At home, my daughters had left the little string of lights on in the living room, and the back porch lamp glowed. Our house, freshly painted white, glimmered a little as the clapboards rose above the woodpile and purple echinacea. The cats sat at the door, watching moths, or maybe waiting for me.

A few minutes early to New Hampshire yesterday, I walked through a park and discovered a community garden devoted almost exclusively to flowers. A woman and her dog paused and watched me admire the blossoms. The poodle suddenly stood up on its hind legs and barked a hello. I laughed. The woman nodded. Then she went her way, and I went mine.

On the Move.

Council Bluffs, Iowa, comes up randomly in conversation at work, and I remark idly that I’ve been there. A coworker asks why, and I answer vaguely that my family was passing through.

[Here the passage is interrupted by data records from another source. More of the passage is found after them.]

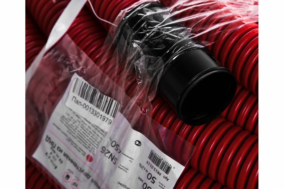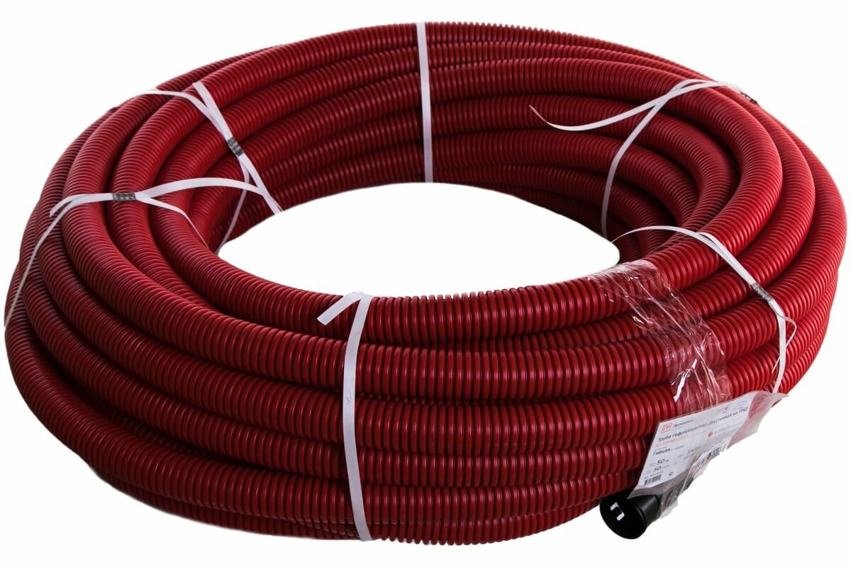 Купить Труба гофрированная двустенная ПНД гибкая d50мм с протяжкой SN26 450 красн. (уп.50м) Промрукав PR15.0113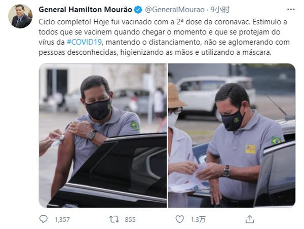 Em 27 de dezembro do ano passado, Mour?o testou positivo para o novo coronavírus. Em 29 de mar?o deste ano, o vice-presidente, de 67 anos, recebeu a primeira dose da vacina.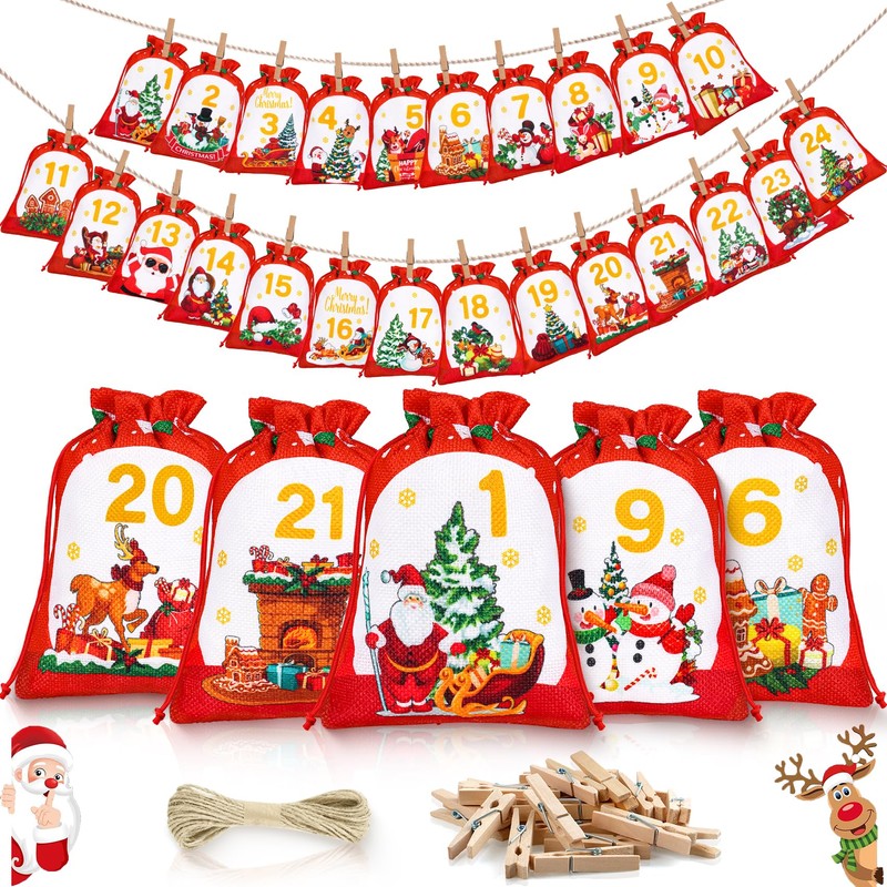 - Create a festive atmosphere: our Christmas calendars self-filling come with 24 wooden pegs and 1 roll of 10 metres of string. You can tie the string to Christmas tree, fireplace, stairs, window, wall or door, and then use the clips to easily attach the bag in place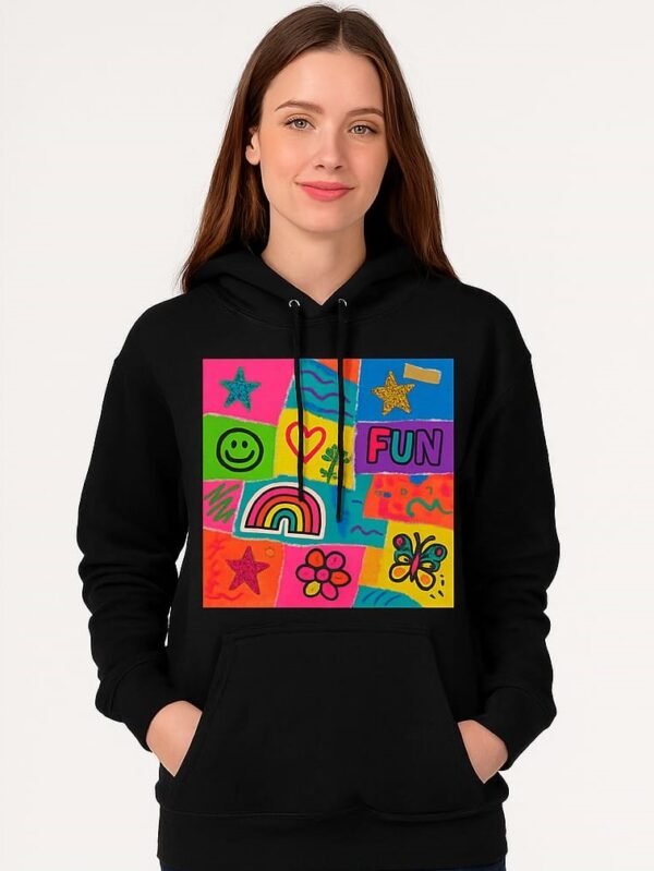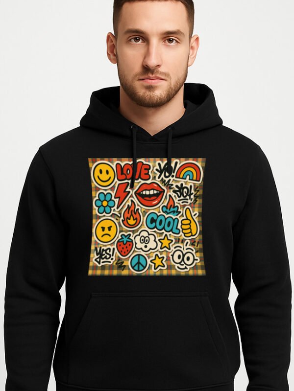 Brighten your wardrobe with this playful black hoodie featuring a vibrant collage of smiley faces, hearts, rainbows, and more. A cozy celebration of joy and color.

I haven’t driven around the country since I was in my twenties, and the country seems even larger and more unknown these days. In Vermont, again this summer, we see plenty of license plates from distant places — Tennessee, Missouri, Oregon — people on the move, for all kinds of reasons. There’s plenty of jobs, but nowhere to live.

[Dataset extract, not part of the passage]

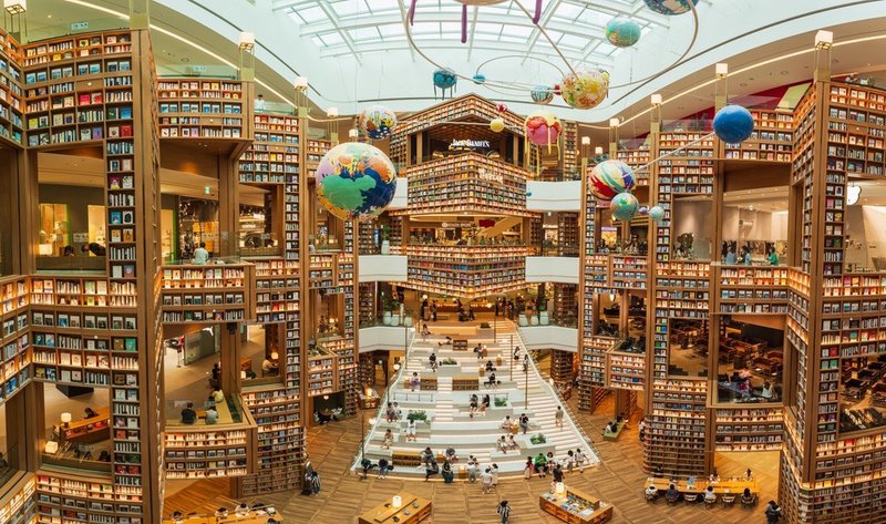 Een eeuwenoude boekencultuur is niet zomaar klein te krijgen door de digitalisering. Op de foto het walhalla voor boekenliefhebbers: Starfield Library Suwon in Zuid-Korea, een van ’s werelds grootste en mooiste bibliotheken.Jongeren hebben weinig met e-readers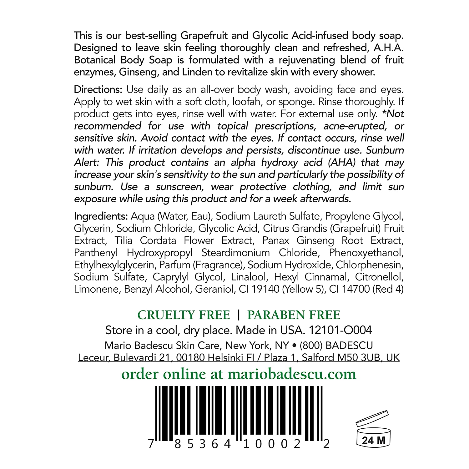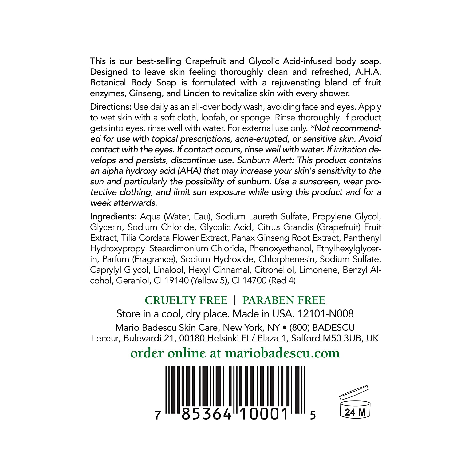 Mario Badescu AHA Botanical Body Wash Moisturizing, Clarifying and Gentle Exfoliating Body Wash for Brighter, Softer and Smoother Skin | Body Soap Infused with Glycolic Acid & Fruit Enzymes

Swimming at dusk, the water ripples before me, fracturing the raspberry sherbet sky into broken curves. August is the month when the peas are finished, and the rudbeckia blooms wildly.

Friday afternoon, I wash the screens and leave the windows open. The cicada sings, and my youngest teases me, You know what that sound means…. Our neighbor’s little boy pushes his toy mower across their grass, back and forth, serious about his work, in his own private world. Sunlight falls through the maple leaves fall above his head, the green fading toward gold, even this early in August.

Muddy water is best cleared by leaving it alone.

— Alan Watts

Sweet August…

August. On a run after work, I remind myself August would be a good month to step away from work and the revolving paddlewheel of our daily lives. I’ve pretty much always failed at vacations, but I fold that idea somewhere away in my memory. As I walk home and cut across a little league field, I have a sudden memory of eating grass as a young child. I remember pulling long, slightly sharp-edged blades and nibbling on these, like a goat or a cow, eating straight from the earth.

In my garden, green beans are fattening on the vines in force. We eat those in the sunlight, straight from the vine. Cucumbers. Tomatoes. Wild blackberries and the few lingering raspberries we’ll find as stragglers for weeks yet.

August is good eating.

And a few lines from poet Hayden Carruth…

“The sky

is hot dark summer, neither

moon nor stars, air unstirring,

darkness complete; and the brook

sounds low, a discourse fumbling

among obstinate stones…”

— Hayden Carruth, “August First”

Burlington, Vermont

Wildflowers.

Last summer, my neighbors put a Black Lives Matter sign in their front yard. The sign was stolen. They purchased another. The second sign was stolen. The patten repeated. Our neighbors brought the sign in at night. They placed the sign between our two houses. They kept at it.

Earlier this summer, I noticed a sign had appeared on their lawn again, above a tarp spread out near the sidewalk. I didn’t note much of that. It’s a way I don’t usually walk in the non-snowy months. I nearly always cut through the cemetery or take a different side street.

But last night, walking home in a faint rain, I saw they had planted a row of wildflowers where that tarp had been. The flowers are about knee-high, festooned with delicate blooms. Their sign remains.